Answer by TimothyAWiseman ·
I agree with Grant, an SSIS package that only moves essential data is probably the way to go. But in SQL there are often many options with their own trade offs here are a couple of others:
Use Red Gate SQL Backup to do your nightly backup and restore. I did this for a while from production to a test database the developers where using on database over 100GB with great success. Its compression abilities make it very good at minimizing the network traffic involved, and it is quite easy to script a job that will do it automatically so you do not need to do it manually.
Also, you may want to look at transactional replication. I have used transactional replication to keep reporting servers in synch with production with great success. Remember that you do not need to set transactional replication to run constantly, and you can schedule it to run once a day, or once an hour tends to be a good compromise for some organizations.
I should point out it is possible in some cases with lots of updates that transactional replication is less bandwidth effecient then backing up and restoring, but that should only happen on systems where the number of changes is large in comparison with the total size of the data involved, which is relatively rare.
Answer by Jeff Moden ·
If it's that big a DB then, chances are, you have a decent SAN to go with it. Many SAN manufacturers have a utility to make "SAN SNAPSHOTS" which are more like "clones". They take almost nothing to setup, have very little effect on performance of the server, don't require any interuption on the prod server, and require very little "time out" on the target server.
We used such a thing at one of the companies I worked for with great success.... almost a tera-byte of data in about 2 minutes. It beats the hell out of replication and SSIS and restores.
Answer by Fatherjack ·
I would say you have a few viable options - Log Shipping, Backup/Restore, Replication, SSIS - and each has its good and bad points.
Firstly the ones I have used most:
Replication, we have merge and transactional in place here and its pretty reliable, when it goes wrong it is a pain to sort though. Thankfully its not often. The benefit here is that the OLAP database is available 24/7 - no down time while updates are applied.

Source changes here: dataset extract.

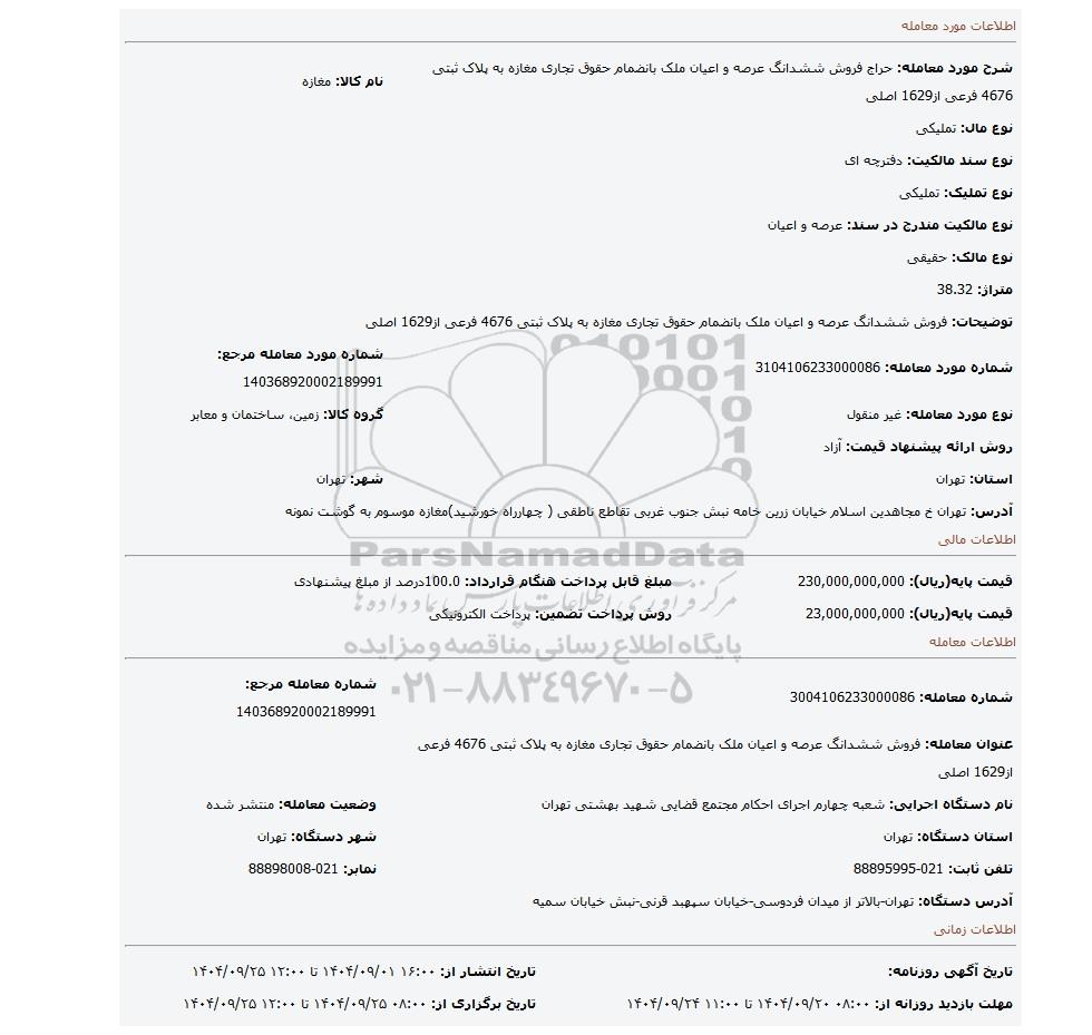 | قیمت پایه(ریال): 23,000,000,000 | روش پرداخت تضمین: پرداخت الکترونیکی |
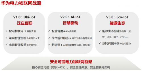 華為中國企業(yè)解決方案CTO董偉嗣表示:“電力物聯(lián)網(wǎng)是電網(wǎng)數(shù)字化轉(zhuǎn)型的引擎,其業(yè)務實質(zhì)是實現(xiàn)電網(wǎng)數(shù)字化、運營數(shù)字化和以客戶為中心的綜合能源服務,并推動能源生態(tài)的轉(zhuǎn)變、優(yōu)化源網(wǎng)荷儲平衡。華為電力物聯(lián)網(wǎng)戰(zhàn)略目標是:打造安全可信電力物聯(lián)網(wǎng)框架,并結(jié)合電力業(yè)務場景,以泛在互聯(lián)Ubi-IoT、智慧驅(qū)動AI-IoT和能源生態(tài)Eco-IoT三個階段進行發(fā)展演進。

Backup/Restore, We use SQL Backup but have nothing that is the same size as you are suggesting so I cannot comment on performance/time required that would compare to your situation. SQL Backup is rock solid though. I have never seen a backup or restore fail due to software issues - sometimes the network has failed, sometimes I have made a mess of settings but other than that 100% success rate.
Now ones I havent tried:
Log Shipping, this can be managed through SQL Backup or via SSMS and TSQL scripts. I have not used it in production as our needs for up-to-date data and 'always on' reports means we cant cope with the down time while the log files are applied. It is more flexible than replication and may take system updates more easily. Replication gets broken down and rebuilt approx twice a year here as there are updates brought online.
SSIS, never used it to move data like this so that would be a real voyage of discovery for me. If you are confident with SSIS then I am sure there are people that have gone that way before that will be able to advise on what is required.
Answer by Leo ·
If I would, I will use Logshipping. It is a best way so far in our environment (telecom). I do every 2 hours logshipping. But you can set the time interval, in your case.. you can set @ 10PM every day so that that can avoid the data traffic. You need to make sure to set your database to FULL recovery.
Answer by Blackhawk-17 ·
Another avenue that you could head down would be mirroring.
It's like log shipping without the restore outages per se.
It's like replication with fewer restrictions.
You can use it with a Witness server for HA.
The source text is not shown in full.